The narrative starkly contradicted accounts of witnesses who blamed “shabiha” or pro-Assad militias.

Damascus launched its own investigation into the deaths and announced that special prayers for the victims would be held at mosques across the country on Friday.

At a news conference Thursday, Qassem Jamal Suleiman, who headed the government’s investigation into the massacre, categorically denied any regime role.

He said hundreds of rebel gunmen carried out the slaughter after launching a coordinated attack on five security checkpoints, AP reported.

The aim, he said, was to frame the government and to ignite sectarian strife in Syria.

“Government forces did not enter the area where the massacre occurred, not before the massacre and not after it,” he said, adding that the victims were families who refused to oppose the government or carry arms.

A Houla-based opposition activist said it was clear that there had been no government investigation.

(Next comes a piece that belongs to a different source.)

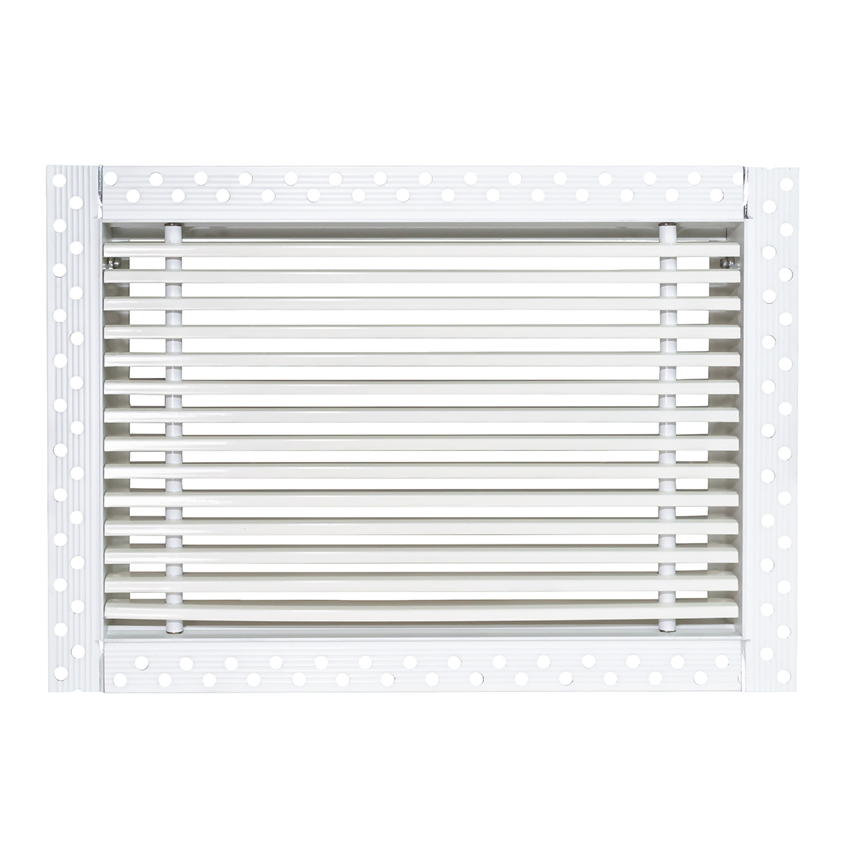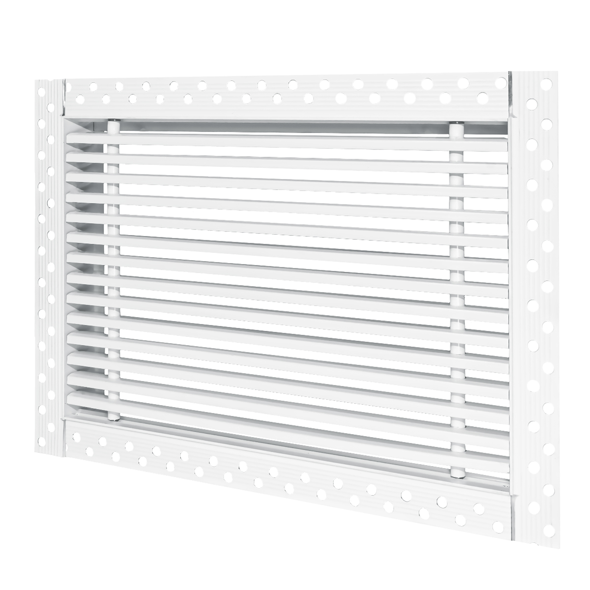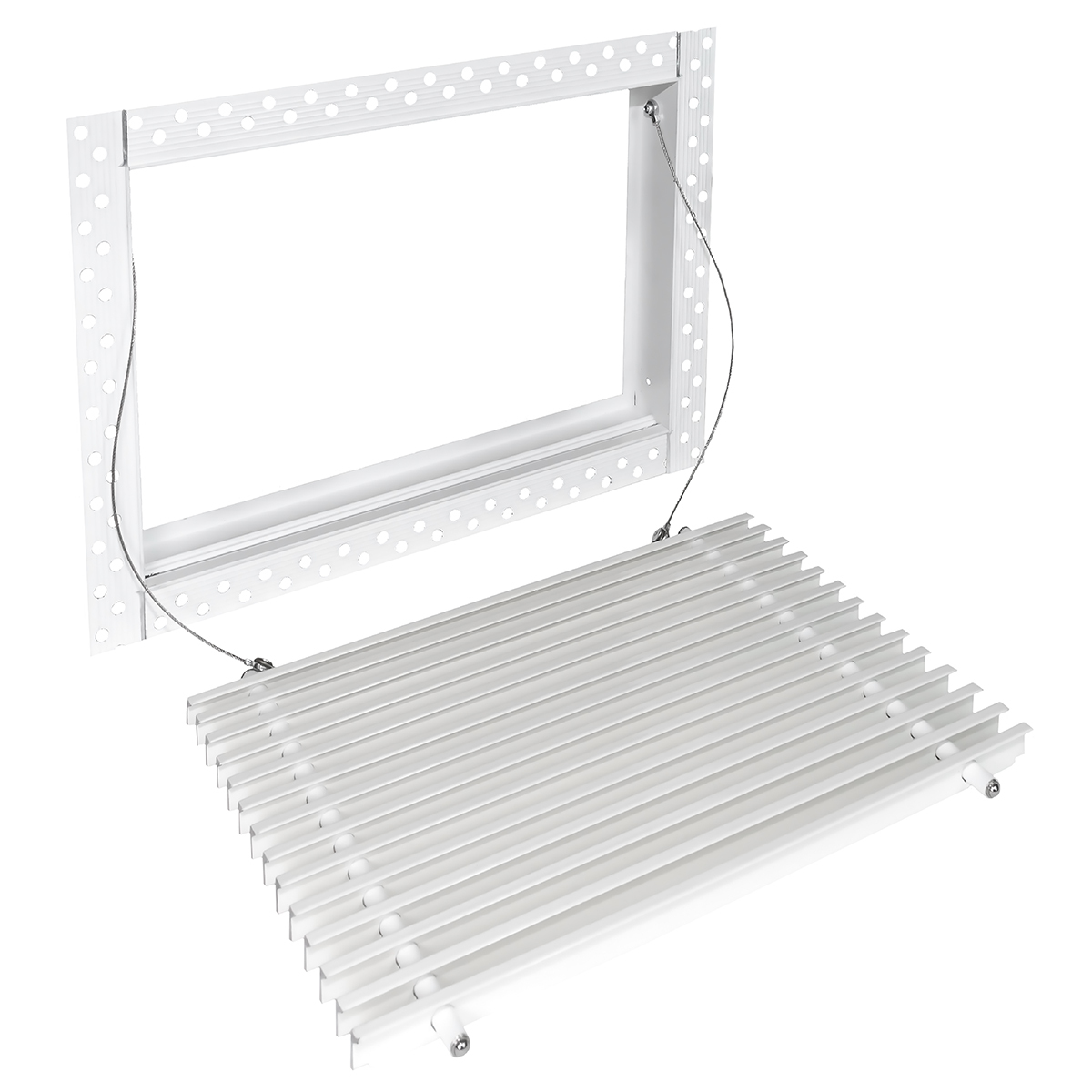 Данная решетка подходит для монтажа на любую поверхность под финишную отделку. Рамка и экран изготовлены из алюминия, опора экрана - из оцинкованной стали. Рама оснащена «полкой» 1,9 мм и рифлеными краями для большей адгезии финишного материала – шпатлевки, цемента. Решетка имеет съемную центральную часть с фиксированным углом наклона ламелей 15°. Она крепится к корпусу прочными металлическими тросиками, легко снимается для очистки и удобного обслуживания.

“The regime is looking for ways to justify the massacre to the world,” the activist, Saria al-Houlany, told AP. “It's clear that there wasn't any professional probe. ... If we had 800 fighters in Houla, this massacre would not have happened.”

The area is still under attack. The government focused its shelling Thursday on the Houla village of Al Tibeh.

The activist group Syrian Observatory for Human Rights reported that some residents fled to nearby towns and villages “fearing a new massacre” as the area again came under fire, according to AP.

Government forces have also bombarded towns, fired on protesters and attacked rebel strongholds, killing many hundreds of people in the last seven weeks, the activists say.

Annan’s spokesperson Ahmad Fawzi, responding to Asaad’s call, said it was not for the envoy to declare defeat.

“The Annan plan does not belong to Kofi Annan. It belongs to the parties that have accepted it and the international community that has endorsed it,” he told reporters.

“So a failure of the Annan plan would be the failure of the international community to solve this peacefully,” Fawzi said. “If anyone has a better plan they should come up with it.”

The UN says Assad’s forces have killed more than 9,000 people since the start of the uprising 14-months ago, but admits that it has not maintained a tally in months due to the chaos in the country.

Local opposition activists say the death toll has now exceeded 12,000 – most of them civilians – with over 1,000 being killed since the Annan plan's April deadline passed.